Received: October 2023

DOI 10.17677/fn20714807.2023.05.03

Fluorine Notes, 2023, 150, 5-6

THE REACTION OF POLYFLUOROKETONES WITH DIMECARBIDE – A NEW APPROACH TO 6-FLUOROALKYLMODIFICATION OF 5-HYDROXYINDOLES

V.I. Dyachenko, S.M. Igumnov

A.N. Nesmeyanov Institute of Organoelement Compounds RAS, Russian Federation, 119334, Moscow, Vavilov str. 28/1.

e-mail: vic-d.60@mail.ru

Abstract: Hexafluoroacetone 2а, nitropentafluoroacetone 2b and perfluorocyclohexanone 2с are smoothly reacting with dimecarbide 1 to form products of С-6-oxyalkylation (5a-c) with yields of 74-90%. In the case of trifluoro- 3 and difluorochloropyruvic acid methyl esters 4, the oxyalkylation reaction is accompanied by cyclization of the intermediate esters 6а, 7а into the corresponding lactones 6b,7b.

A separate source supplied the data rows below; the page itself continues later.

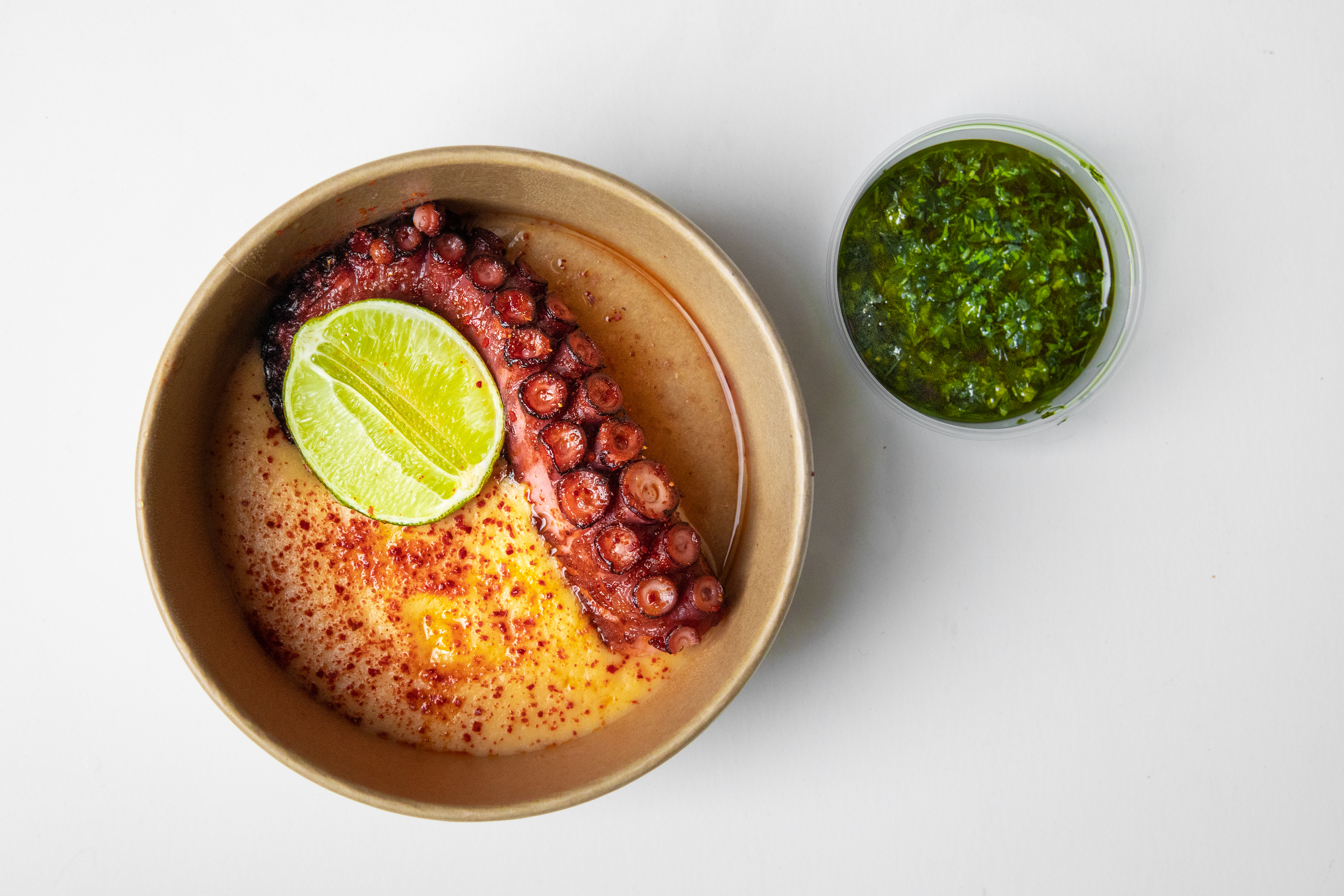 Ook de pulpo (met een frisse salsa verde on the side) is heerlijk mals. Toen we ‘m in het restaurant aten, had ‘ie ook nog een onweerstaanbare knapperige korst. Die is nu – misschien door de condens van het afhaalbakje – wat minder aanwezig. Maar als je ’t niet had geweten, had je ‘m ook niet gemist. En bovendien: de jalapeño-aardappelmousseline die nu bij dit gerecht wordt geserveerd, is goddelijk.
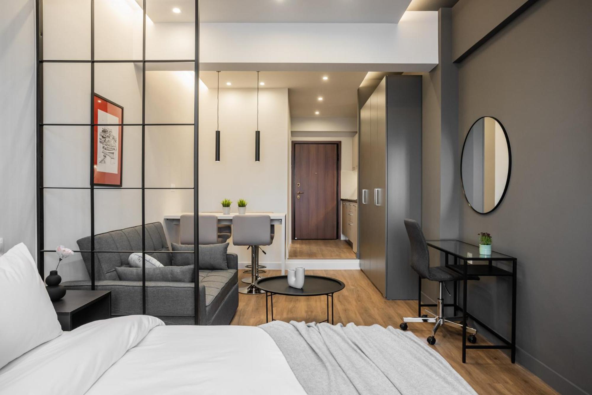 Near port. Bakery and supermarket close by. Modern interior suitable for couple. But not more as sofa bed not functional.
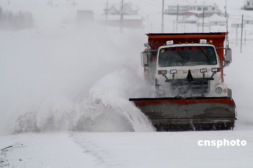 新疆哈密一輛道路清障車在清除道路積雪。 中新社發(fā) 蔡增樂(lè) 攝
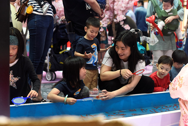 夏日祭上的传统游戏钓水球!这可是十分需要技巧的游戏哦,大朋友们小朋友们不来一试身手吗?
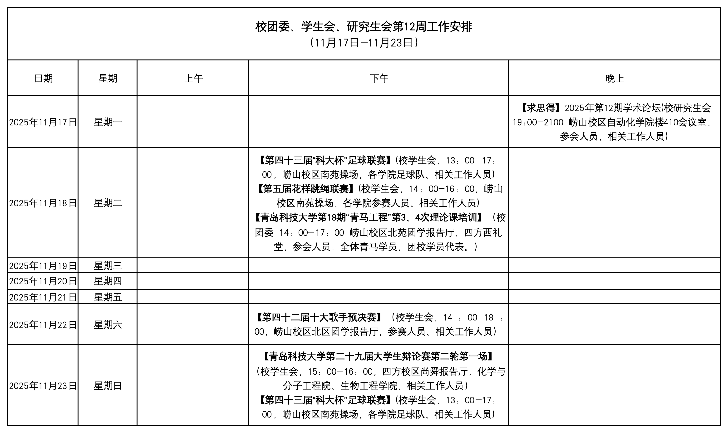 校团委、学生会、研究生会第12周工作安排

Keywords: serotonin, 5-oxyindoles, hexafluoroacetone, nitropentafluoroacetone, methyltrifluoropyruvate, methyldifluorochlorpyruvate, perfluorocyclohexanone, dimecarbine, C-oxyalkylation

5-Oxyindole derivatives (5-OI) occupy a special place in the physiology of the higher nervous system. Serotonin plays an important role of the neurotransmitter of the human CNS by regulating the transmitting pulses processes in the neurons of the cardiovascular, endocrine and other physiologists of important body systems [1, 2]. The similar to it by the structure, hormone melatonin is involved in the change control in the day and night rhythms of living organisms [3]. The synthetic derivatives of 5-OI – indomethacin and dimecarbine, for many years are used in medical practice as an anti-inflammatory and hypotensive agent, respectively [4]. The domestic Arbidol medication strongly holds the position on the market of antiviral medications [5,6].

5-OI, being indoles on one side, and with the other side - phenols, have an enriched chemistry. The great contribution to its development is introduced by Grinev et al. The most typical are electrophilic substitution reactions: alkylation, acylation, halogenation, diazotization, and various aminomethylation variants [7].

It has been established that the presence of fluorine in biologically active compounds significantly affects the metabolism [8] thereof. The presence of fluorine or polyfluoroalkyl groups in the molecule increases the lipophilic property of the fluorine-containing compounds, thus making it easier to penetrate the cell protein-lipid membrane. The comparison by volume of a fluorine atom with a hydrogen atom in organic compounds, as well as by nucleophilicity with an oxygen atom, formed the basis called “the masking effect” [9]. Consequently, at present there is an increasing interest in the development of novel methods for the synthesis of fluorine-containing compounds, and more particularly to the treatment of CF₃-containing indoles, which structure is based on the compounds studied in the present work [10]. Despite the considerable success in synthetic organic chemistry, no methods of single-step introduction of fluorine-containing substituents in 5-OI in the literature are described.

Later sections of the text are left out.